§ **SOURCE RECORDS**
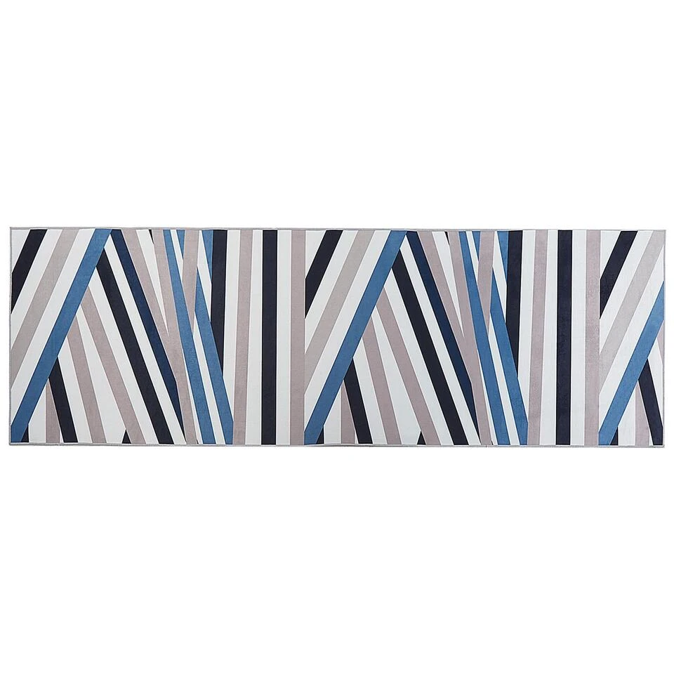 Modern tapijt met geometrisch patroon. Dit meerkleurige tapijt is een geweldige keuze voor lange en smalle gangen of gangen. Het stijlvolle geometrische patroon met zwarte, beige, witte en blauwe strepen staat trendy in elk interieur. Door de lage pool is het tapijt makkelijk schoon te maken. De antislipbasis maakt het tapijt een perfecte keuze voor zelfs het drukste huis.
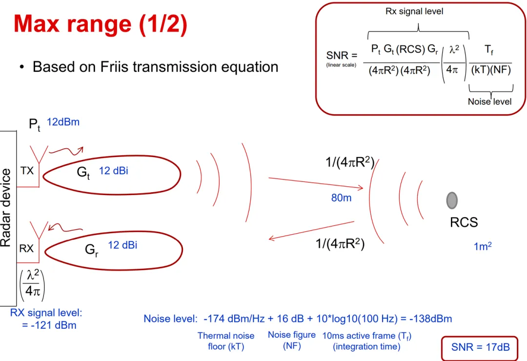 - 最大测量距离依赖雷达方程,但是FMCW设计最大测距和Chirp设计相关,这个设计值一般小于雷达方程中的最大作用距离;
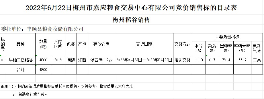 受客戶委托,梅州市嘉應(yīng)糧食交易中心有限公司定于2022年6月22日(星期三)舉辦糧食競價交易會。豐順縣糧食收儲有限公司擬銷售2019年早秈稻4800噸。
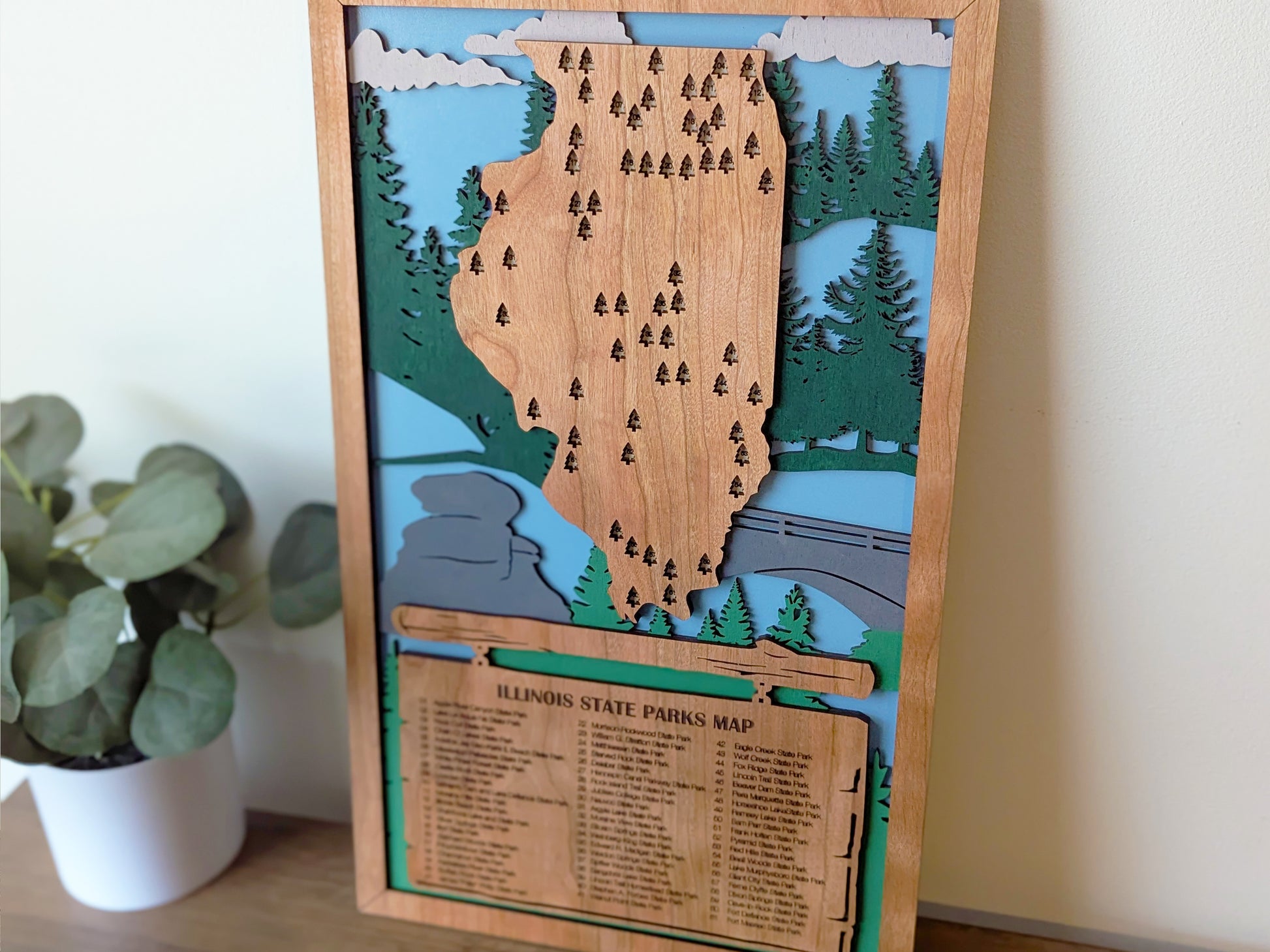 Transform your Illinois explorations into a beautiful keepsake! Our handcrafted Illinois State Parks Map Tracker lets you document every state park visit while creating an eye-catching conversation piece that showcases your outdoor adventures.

...

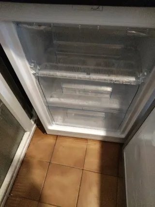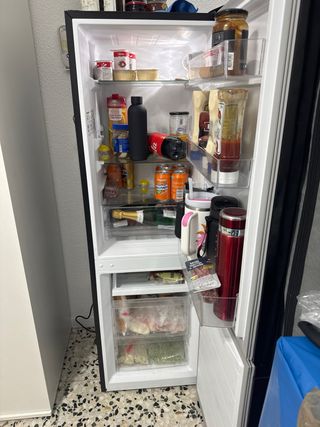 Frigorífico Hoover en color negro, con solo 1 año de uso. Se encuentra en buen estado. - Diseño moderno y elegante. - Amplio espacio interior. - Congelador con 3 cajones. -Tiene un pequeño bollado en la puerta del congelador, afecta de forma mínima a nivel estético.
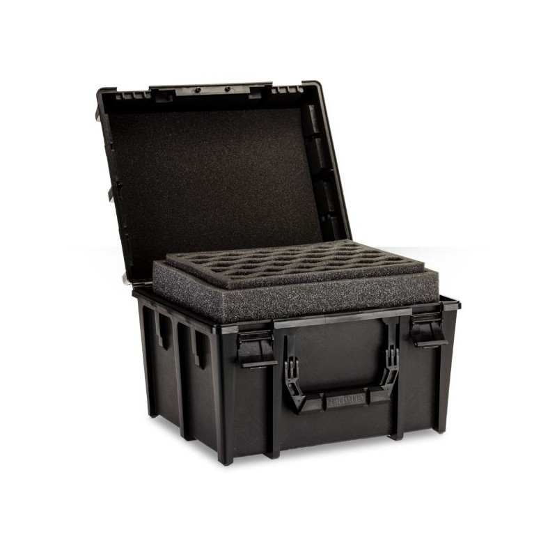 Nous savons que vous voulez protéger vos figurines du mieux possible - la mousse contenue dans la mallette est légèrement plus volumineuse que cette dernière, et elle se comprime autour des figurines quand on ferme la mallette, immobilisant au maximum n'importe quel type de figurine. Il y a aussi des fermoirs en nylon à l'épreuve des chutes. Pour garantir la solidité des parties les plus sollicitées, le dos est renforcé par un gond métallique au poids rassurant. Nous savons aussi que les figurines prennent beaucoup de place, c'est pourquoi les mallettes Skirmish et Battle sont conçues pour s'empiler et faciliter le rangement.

...

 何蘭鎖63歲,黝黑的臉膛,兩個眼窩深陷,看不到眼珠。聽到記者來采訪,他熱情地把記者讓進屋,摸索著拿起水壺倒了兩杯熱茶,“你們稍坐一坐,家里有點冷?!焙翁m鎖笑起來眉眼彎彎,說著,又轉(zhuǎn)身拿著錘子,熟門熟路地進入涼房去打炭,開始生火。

§ **WHAT THE EXERCISE ASKS**
Above are some entries; copy exactly the lines from the line with "Modern tapijt met" through the line with "Transform your Illinois", both included, but none of the pictures.

§ **RESULT**
 Modern tapijt met geometrisch patroon. Dit meerkleurige tapijt is een geweldige keuze voor lange en smalle gangen of gangen. Het stijlvolle geometrische patroon met zwarte, beige, witte en blauwe strepen staat trendy in elk interieur. Door de lage pool is het tapijt makkelijk schoon te maken. De antislipbasis maakt het tapijt een perfecte keuze voor zelfs het drukste huis.
 - 最大测量距离依赖雷达方程,但是FMCW设计最大测距和Chirp设计相关,这个设计值一般小于雷达方程中的最大作用距离;
 受客戶委托,梅州市嘉應(yīng)糧食交易中心有限公司定于2022年6月22日(星期三)舉辦糧食競價交易會。豐順縣糧食收儲有限公司擬銷售2019年早秈稻4800噸。
 Transform your Illinois explorations into a beautiful keepsake! Our handcrafted Illinois State Parks Map Tracker lets you document every state park visit while creating an eye-catching conversation piece that showcases your outdoor adventures.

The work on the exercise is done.